╔══

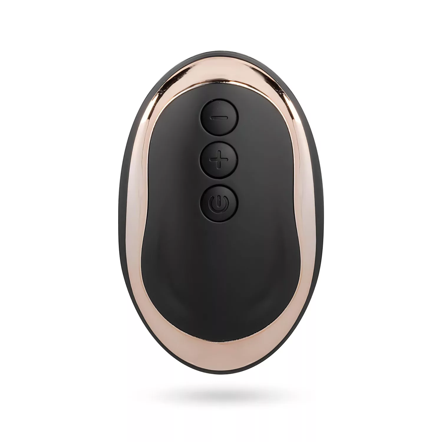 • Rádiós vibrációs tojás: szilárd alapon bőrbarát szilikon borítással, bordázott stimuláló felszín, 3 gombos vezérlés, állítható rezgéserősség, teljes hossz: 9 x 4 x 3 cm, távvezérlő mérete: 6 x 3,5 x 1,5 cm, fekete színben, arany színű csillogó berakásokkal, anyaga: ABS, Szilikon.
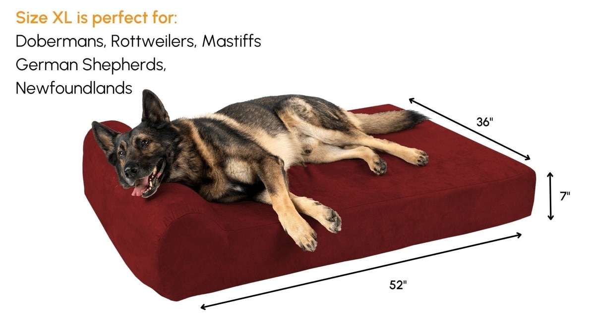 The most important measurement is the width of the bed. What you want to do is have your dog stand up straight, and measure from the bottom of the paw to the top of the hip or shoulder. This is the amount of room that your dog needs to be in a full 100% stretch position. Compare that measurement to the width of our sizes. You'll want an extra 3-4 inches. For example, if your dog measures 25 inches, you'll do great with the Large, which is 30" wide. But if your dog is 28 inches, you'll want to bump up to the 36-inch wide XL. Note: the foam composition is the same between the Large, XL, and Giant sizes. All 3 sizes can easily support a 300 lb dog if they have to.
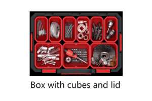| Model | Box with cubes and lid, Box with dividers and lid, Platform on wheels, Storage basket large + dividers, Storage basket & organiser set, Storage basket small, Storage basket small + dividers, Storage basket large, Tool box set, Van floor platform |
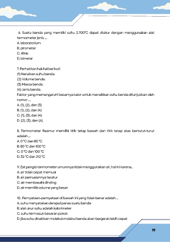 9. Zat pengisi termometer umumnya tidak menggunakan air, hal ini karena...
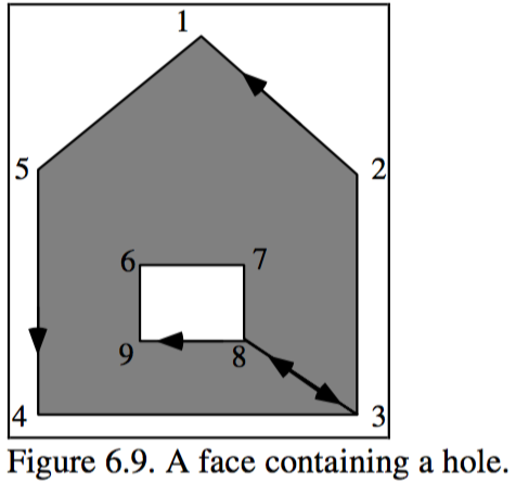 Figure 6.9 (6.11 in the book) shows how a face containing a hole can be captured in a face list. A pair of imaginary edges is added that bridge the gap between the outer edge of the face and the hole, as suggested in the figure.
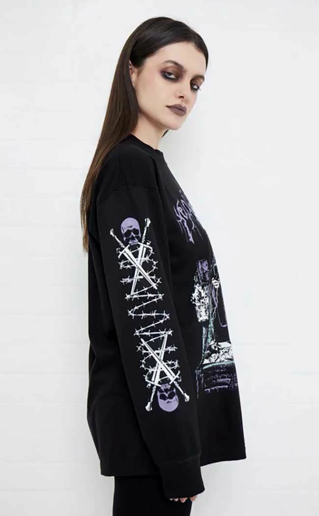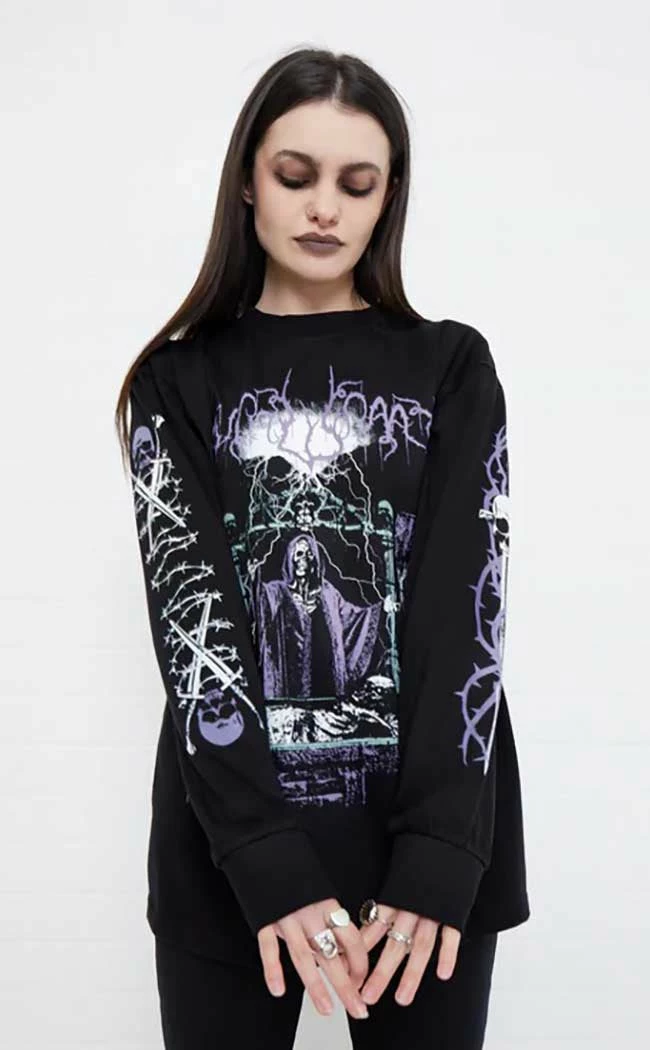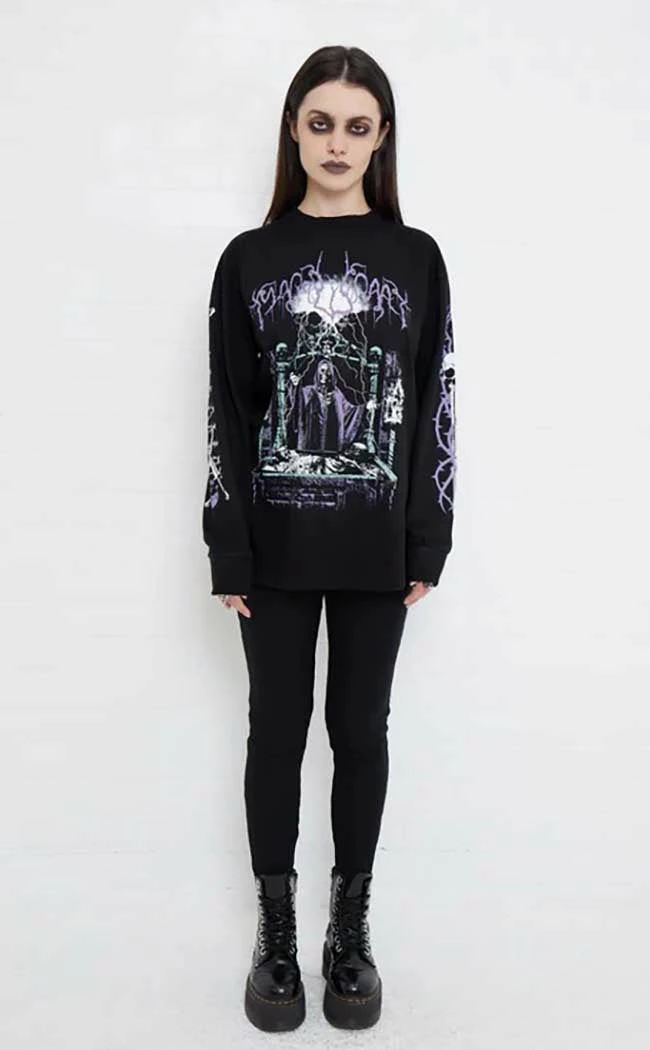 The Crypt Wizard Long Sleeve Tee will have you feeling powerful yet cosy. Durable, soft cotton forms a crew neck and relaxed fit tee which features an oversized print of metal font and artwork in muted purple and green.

╚══
╔══

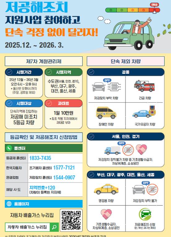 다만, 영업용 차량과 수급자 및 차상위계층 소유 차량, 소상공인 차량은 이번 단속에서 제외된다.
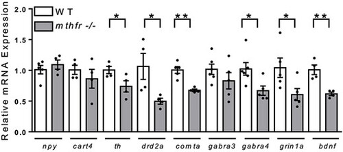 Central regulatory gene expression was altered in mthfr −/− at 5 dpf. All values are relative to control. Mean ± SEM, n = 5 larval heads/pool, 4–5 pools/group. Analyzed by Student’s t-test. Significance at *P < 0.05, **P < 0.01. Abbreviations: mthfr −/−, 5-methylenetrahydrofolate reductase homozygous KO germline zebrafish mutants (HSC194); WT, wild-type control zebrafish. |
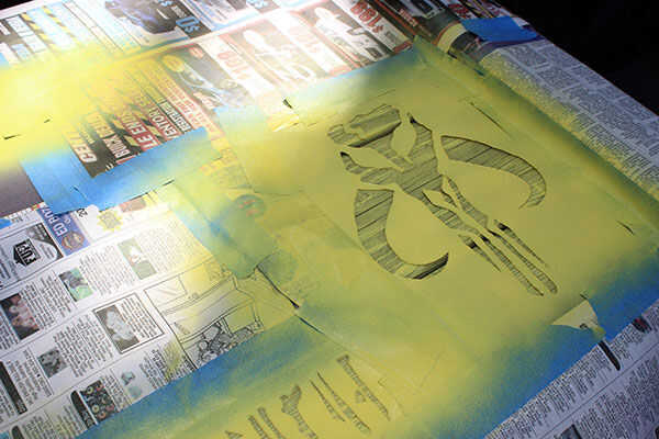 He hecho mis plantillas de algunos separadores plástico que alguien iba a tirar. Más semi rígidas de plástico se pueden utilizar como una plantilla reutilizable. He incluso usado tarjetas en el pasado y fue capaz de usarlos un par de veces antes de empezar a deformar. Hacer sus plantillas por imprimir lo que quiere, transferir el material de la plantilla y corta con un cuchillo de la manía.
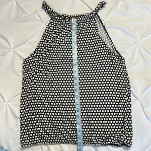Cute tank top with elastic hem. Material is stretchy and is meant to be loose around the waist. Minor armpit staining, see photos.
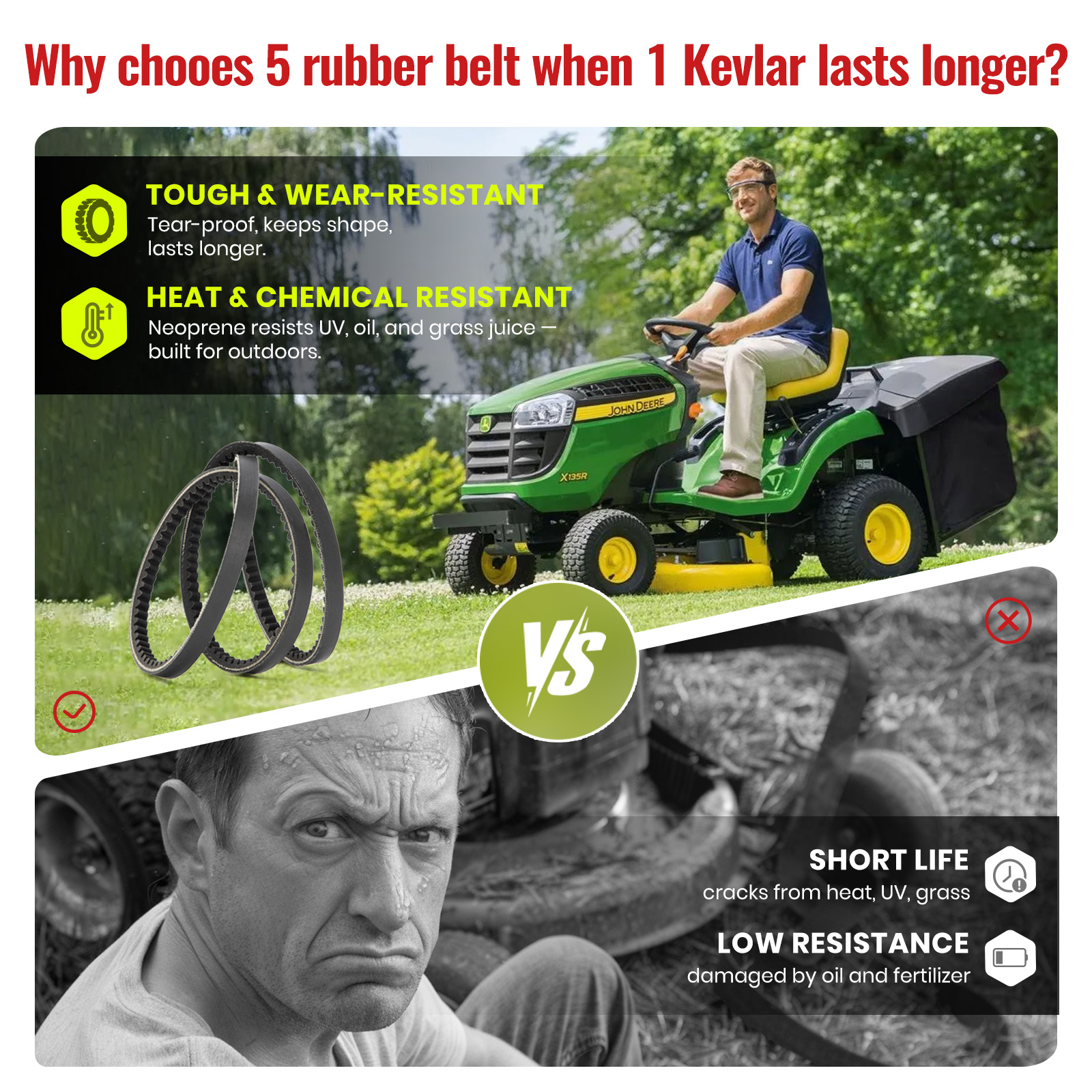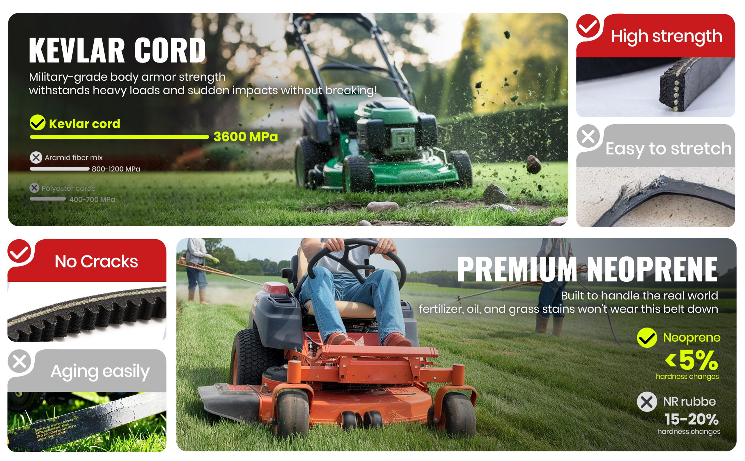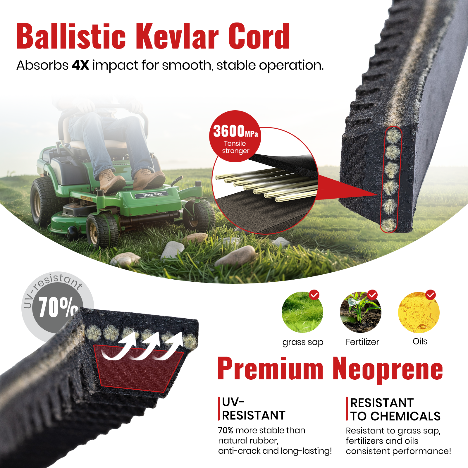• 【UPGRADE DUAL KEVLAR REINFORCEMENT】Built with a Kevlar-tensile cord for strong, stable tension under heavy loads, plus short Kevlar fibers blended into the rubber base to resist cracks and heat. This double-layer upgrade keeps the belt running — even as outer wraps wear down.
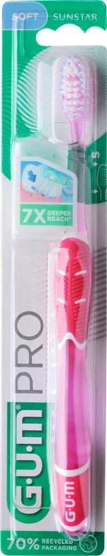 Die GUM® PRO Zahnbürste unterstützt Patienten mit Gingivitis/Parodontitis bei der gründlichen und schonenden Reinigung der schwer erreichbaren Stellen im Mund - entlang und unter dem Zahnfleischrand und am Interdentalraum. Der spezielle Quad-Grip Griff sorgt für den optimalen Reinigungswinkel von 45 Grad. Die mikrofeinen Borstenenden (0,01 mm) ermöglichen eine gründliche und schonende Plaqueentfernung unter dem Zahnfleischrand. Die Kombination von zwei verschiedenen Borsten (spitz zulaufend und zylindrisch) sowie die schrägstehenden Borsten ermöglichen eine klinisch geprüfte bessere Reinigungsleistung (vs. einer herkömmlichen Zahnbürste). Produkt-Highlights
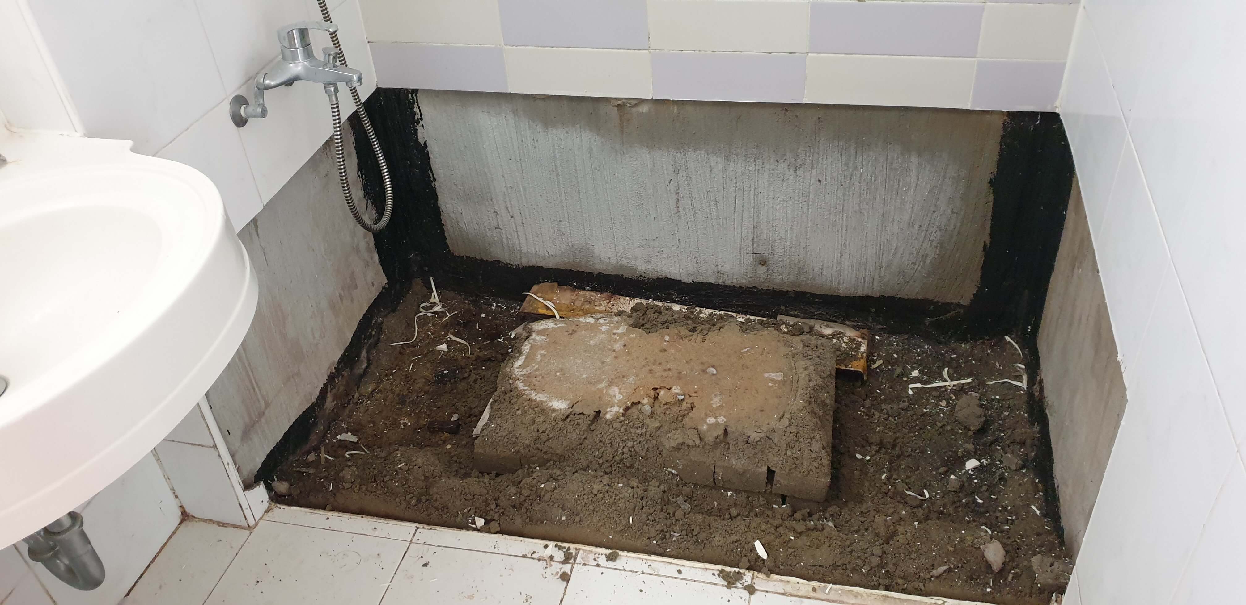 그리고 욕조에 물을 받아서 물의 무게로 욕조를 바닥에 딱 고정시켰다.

╚══
╔══

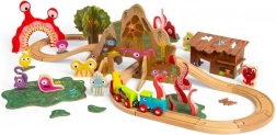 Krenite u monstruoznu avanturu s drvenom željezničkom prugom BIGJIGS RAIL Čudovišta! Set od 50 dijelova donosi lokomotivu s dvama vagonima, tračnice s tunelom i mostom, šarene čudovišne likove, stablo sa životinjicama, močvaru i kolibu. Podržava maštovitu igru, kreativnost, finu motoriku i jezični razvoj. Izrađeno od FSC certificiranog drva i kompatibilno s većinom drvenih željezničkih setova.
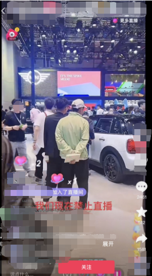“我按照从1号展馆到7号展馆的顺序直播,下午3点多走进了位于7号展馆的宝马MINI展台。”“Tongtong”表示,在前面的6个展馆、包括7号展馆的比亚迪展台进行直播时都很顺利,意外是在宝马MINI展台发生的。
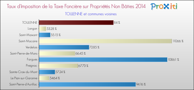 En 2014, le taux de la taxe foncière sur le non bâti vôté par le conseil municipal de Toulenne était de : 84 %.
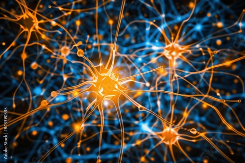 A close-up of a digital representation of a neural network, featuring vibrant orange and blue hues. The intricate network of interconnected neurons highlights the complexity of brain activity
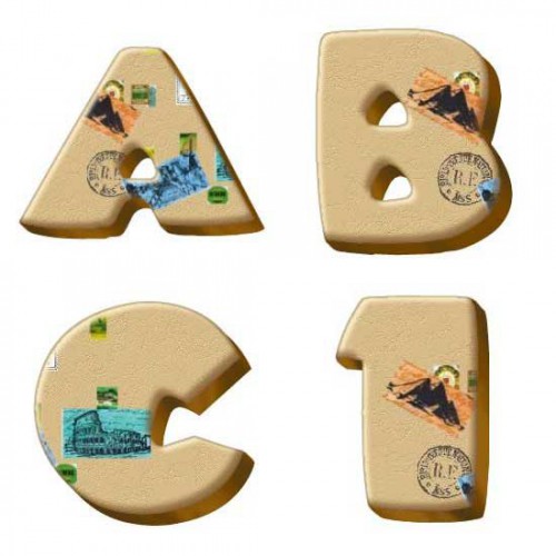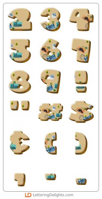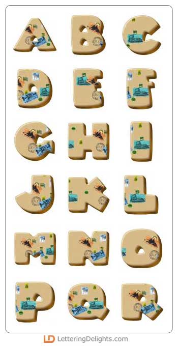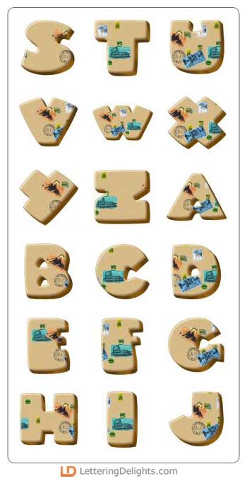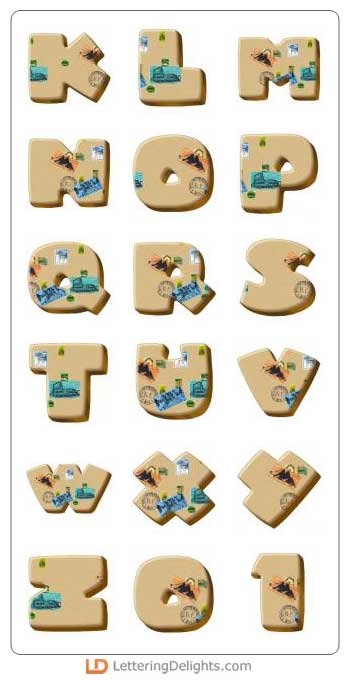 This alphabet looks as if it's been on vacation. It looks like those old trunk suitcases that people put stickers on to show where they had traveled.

╚══

Repeat the lines above exactly, beginning with the one containing "Figure 6.9 (6.11" and finishing with the one containing "The Crypt Wizard". No pictures belong in the copy.

 Figure 6.9 (6.11 in the book) shows how a face containing a hole can be captured in a face list. A pair of imaginary edges is added that bridge the gap between the outer edge of the face and the hole, as suggested in the figure.
 The Crypt Wizard Long Sleeve Tee will have you feeling powerful yet cosy. Durable, soft cotton forms a crew neck and relaxed fit tee which features an oversized print of metal font and artwork in muted purple and green.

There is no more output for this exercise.